Tools like Arize Phoenix, Fiddler, and Whylogs (open source) handle this. For small teams, a custom batch job is fine.

Safety / guardrails monitoring

Most production LLM systems have output guardrails — classifiers that flag inappropriate, off-policy, or dangerous outputs. Track:

Guardrail trip rate per category (e.g. % of outputs flagged for "personal advice," "potential PII").
False positive rate (sampled, human-validated).
Override rate (when humans inspect a flagged output and approve it).

Sudden spikes in trip rate often signal:

A new attack pattern (prompt injection, jailbreak attempts).
A model update with shifted behaviour.
A bug in the guardrail itself.

For safety-critical deployments, also track:

Refusal rate — how often the model declines. Sudden drops can mean the safety training has been undone (regression after a model update); sudden spikes can mean overly conservative behaviour limiting usefulness.

Dashboards that matter

Build these and monitor them. Without them, problems hide.

Per-model dashboard. Latency, cost, cache hit, error rate, request volume. One row per model.
Per-task-type dashboard. Success rate, cost per task, latency, eval scores. One row per task type.
Production eval dashboard. Eval set scores by date; trend; regressions highlighted.
Quality sampling dashboard. Human-labelled and judge-labelled quality scores; trend.
Drift dashboard. Embedding drift, cluster outlier rate, query-length distribution.
Safety dashboard. Guardrail trip rates, refusal rate, false-positive estimate.

Most teams have #1 and call it done.

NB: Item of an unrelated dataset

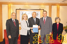 SARS專家委員會聯合主席錢卓樂爵士(右二)及葛菲雪教授(左二)昨日向董建華交報告。

Adding 2-6 catches the issues #1 misses.

Alerts that matter

Pager-worthy:

Production task success rate < baseline - 5% over a 1-hour window.
Cost per task p95 > 2× baseline over 1 hour.
Cache hit rate drops > 20% over 24 hours.
Tool error rate > baseline + 10 percentage points.
Eval set score drops > 5 points (nightly run).

Ticket-worthy (not pager):

Drift metric exceeds threshold.
Guardrail trip rate up > 50% week-over-week.
New top tokens appearing in queries (might be legitimate; might be a new attack class).

Tools

Tool	Strengths	When to pick
Langfuse	Open source, model-agnostic, traces + evals + drift	Default starting point
LangSmith	Polished UI, deep LangChain integration	LangChain users
Arize Phoenix	Strong on drift detection, eval workflow	Drift-heavy use cases
Fiddler	Commercial AI observability, ML-ops focus	Larger orgs, traditional ML alongside LLM
Helicone	Lightweight, easy onboarding	Smaller teams
OpenLLMetry + your existing stack	OpenTelemetry-native	Teams with mature OTel

Many teams start with Langfuse self-hosted; graduate to commercial tools when the operational overhead exceeds the cost.

Privacy and observability

Storing every prompt and completion captures whatever users put in. Compliance implications:

PII redaction at log time, not just at display time.
Per-user retention — your retention policy applies to traces too.
Deletion propagation — DSAR has to find and delete trace records.
Sampling reduces exposure — don't store 100% of prompts.

See AiDataPrivacyAndCompliance.

Observability for agentic systems

Agents add structure that raw LLM traces don't capture:

Per-step trace, not just per-call.
Working memory snapshots.
Tool call validity / retry counts.
Termination reason (success / max steps / error).

The standard tooling above is catching up; expect agentic-specific instrumentation to be a first-class feature in observability tools by late 2026.